Instructions to follow:
What you return must match the data below exactly, minus any pictures.

Data below:
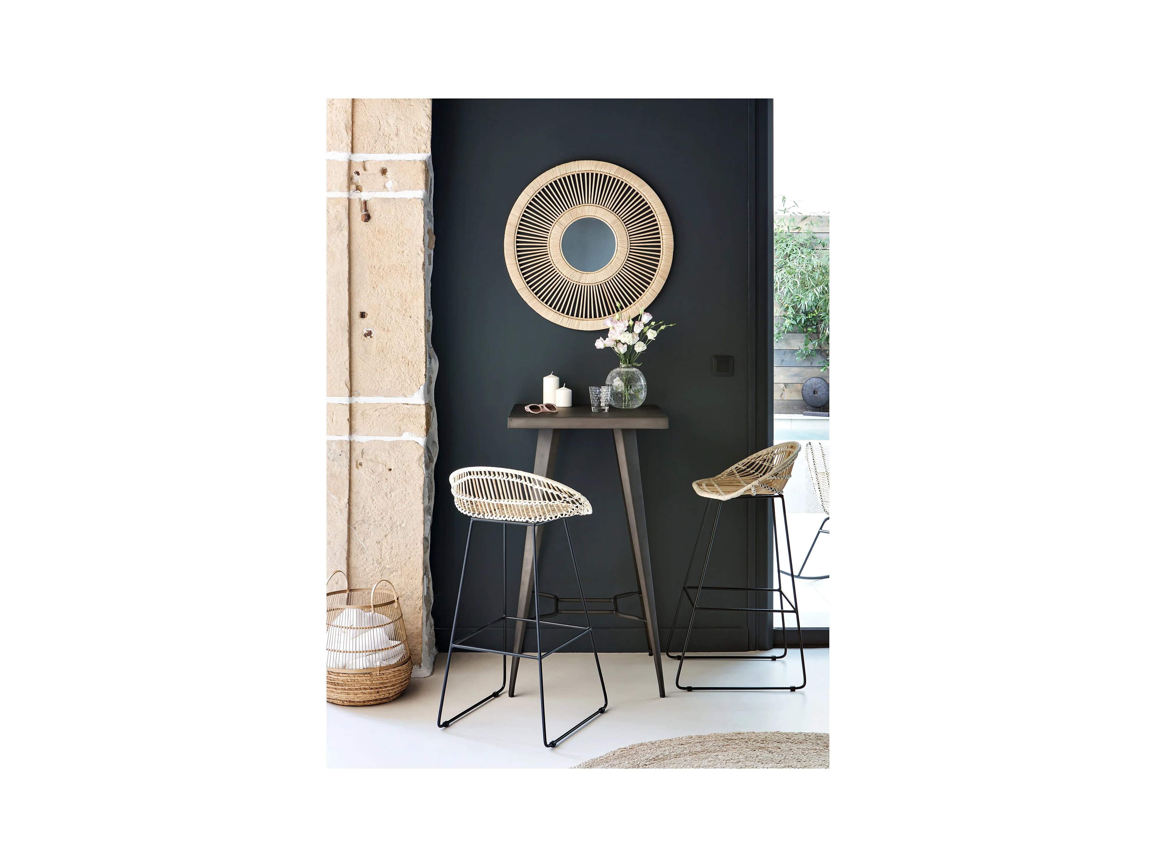 Mange-debout 60 x 60 cm - modèle Round pierre métallisée chants laiton
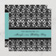 Custom 21st Birthday party invitations in elegant turquoise blue, black and white classic floral damask pattern. Add your name and party details for a unique and stylish 21st birthday party invitation.
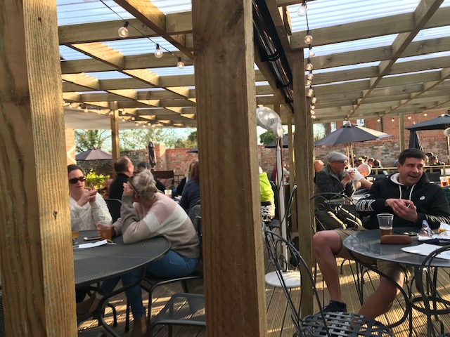 Now we went on the first Saturday the (outside of) pubs were open. It was busy. Very busy. They’d put on extra staff to cover the demand, but it wasn’t easy for them. So there were a few minor delays getting ordered and served, but once I’d had a couple, my politeness was replaced by the brash cockiness that alcohol taken in the blazing sun tends to give idiots like me. And so I soon adopted an attention-seeking wave/nod/wink combo that would be embarrassing to watch back had it been filmed.

Response to this task:
 Mange-debout 60 x 60 cm - modèle Round pierre métallisée chants laiton
 Custom 21st Birthday party invitations in elegant turquoise blue, black and white classic floral damask pattern. Add your name and party details for a unique and stylish 21st birthday party invitation.
 Now we went on the first Saturday the (outside of) pubs were open. It was busy. Very busy. They’d put on extra staff to cover the demand, but it wasn’t easy for them. So there were a few minor delays getting ordered and served, but once I’d had a couple, my politeness was replaced by the brash cockiness that alcohol taken in the blazing sun tends to give idiots like me. And so I soon adopted an attention-seeking wave/nod/wink combo that would be embarrassing to watch back had it been filmed.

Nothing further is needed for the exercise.